En Hidalgo se están reforzando acciones para cuidar al jaguar y su hábitat, con una estrategia que busca involucrar directamente a comunidades, ejidatarios y ganaderos, además de fortalecer corredores bioculturales y actividades de educación ambiental.

Durante 2026 se trabajará en la consolidación del Programa Estatal de Acción para la Conservación de Especies enfocado en el jaguar y su ecosistema. La idea central es que la protección de la biodiversidad funcione mejor cuando las personas se asumen como parte de su territorio y participan en su cuidado.

Autoridades ambientales estatales explicaron que sí hay presencia de jaguar en Hidalgo y que, por tratarse de una especie que requiere grandes extensiones para desplazarse, es necesario mantener y conectar zonas naturales que permitan su movilidad y reproducción.

Los registros de avistamientos en distintos puntos del estado respaldan la necesidad de proteger estos espacios y de reforzar medidas de conservación de la vida silvestre, no solo con planes técnicos, sino con trabajo directo en campo.

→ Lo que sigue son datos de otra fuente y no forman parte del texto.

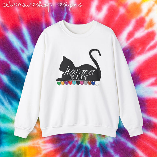 Karma is a Cat Unisex Crewneck Sweatshirt, Taylor Sweatshirt, Karma Cat Lover Shirt, Cat Mom Swiftie Christmas Gift
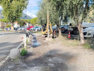 Sono iniziati, questa mattina, i lavori nell'area in cui ieri si era verificata una perdita d'acqua in corso Francia a Ventimiglia.
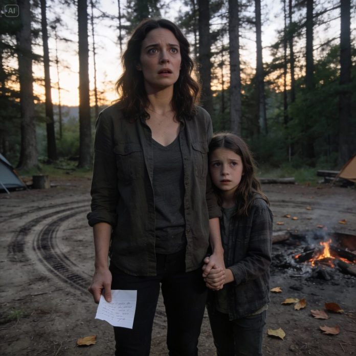We were camping with my parents and my brother’s family. I only stepped away for a quick walk with my 10-year-old daughter. When we returned, the campsite was empty—no cars, no tents, no one. No signal. Only a note: “This is for the best. Trust me.” My daughter clutched my hand and cried, “Mom, I’m scared…” In that moment, I realized the truth—they abandoned us. And ten days later… everything changed.
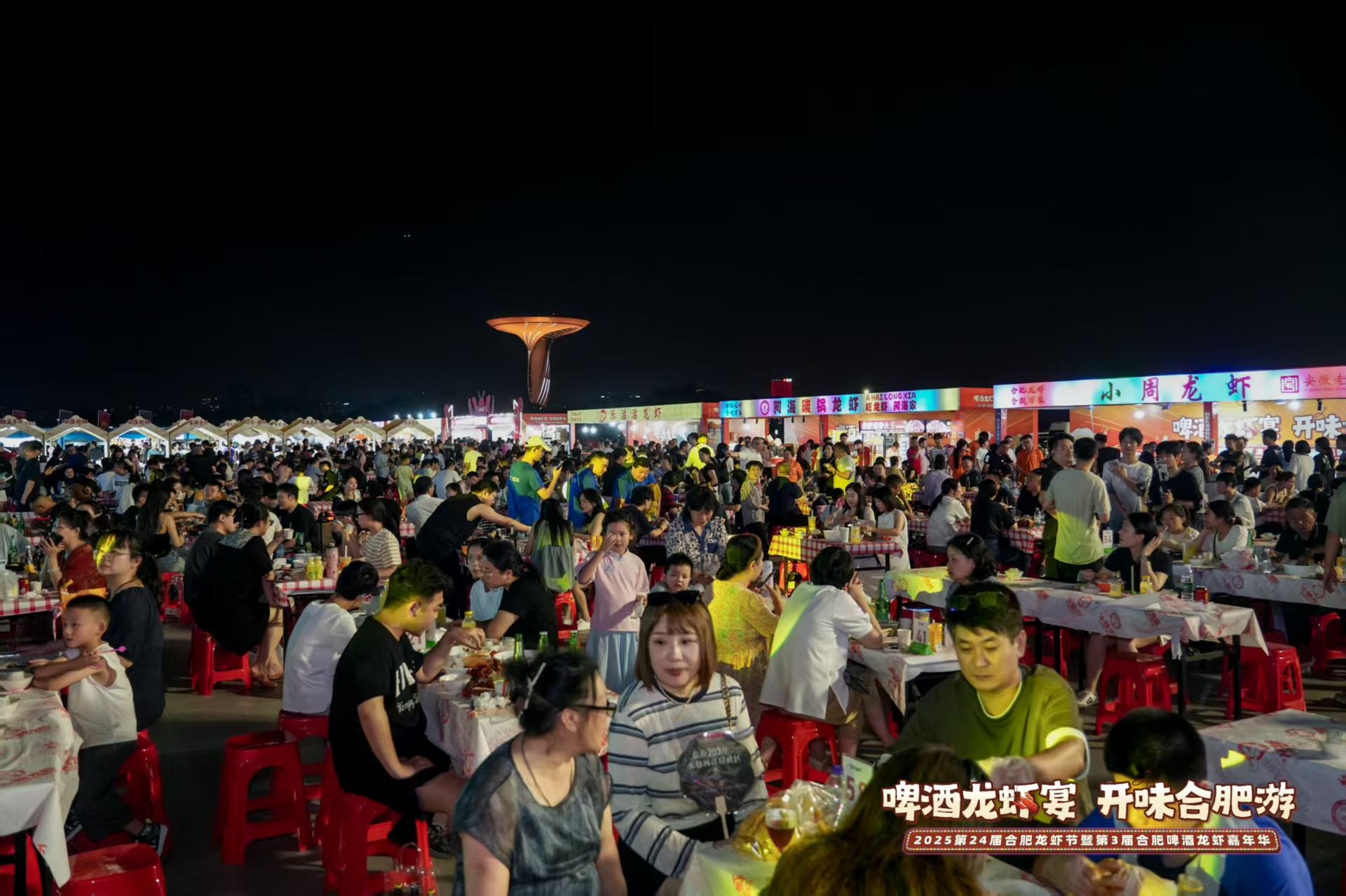 这场精彩的展示背后,是合肥龙虾深厚的产业底蕴与响亮的品牌声誉。合肥早在2007年便荣获“中国龙虾之都”称号,已成功举办二十四届的龙虾节,更将“吃龙虾、喝啤酒、交朋友”塑造成独特的城市文化。在品牌建设的道路上,合肥龙虾一路硕果累累:先后于2015年、2018年荣获国家地理标志证明商标和农产品地理标志,并于2025年4月成功晋升“国家地理标志产品”。蓬勃的龙虾餐饮业是合肥靓丽的城市名片,全市近千家龙虾店年产值高达50亿元,宁国路龙虾美食街、罍街已成为全国闻名的特色餐饮街区。

Desde 2025 se realizan talleres de sensibilización en escuelas de municipios como Pacula y Jacala, además de monitoreo con cámaras trampa en zonas estratégicas. Para este año también se contemplan capacitaciones dirigidas a ejidatarios y ganaderos para distinguir ataques de jaguar, puma o perros ferales, así como aplicar medidas preventivas como cercos vivos y mejor delimitación de potreros.

Los trabajos se apoyan en un estudio técnico previo que identificó a la Sierra Gorda como zona prioritaria para la conservación del jaguar. Con base en esos resultados se están destinando nuevos recursos para ampliar las acciones de protección.

El enfoque es que la conservación funcione desde lo local: con información, prevención y participación directa de quienes viven en las zonas donde todavía se mueve este felino.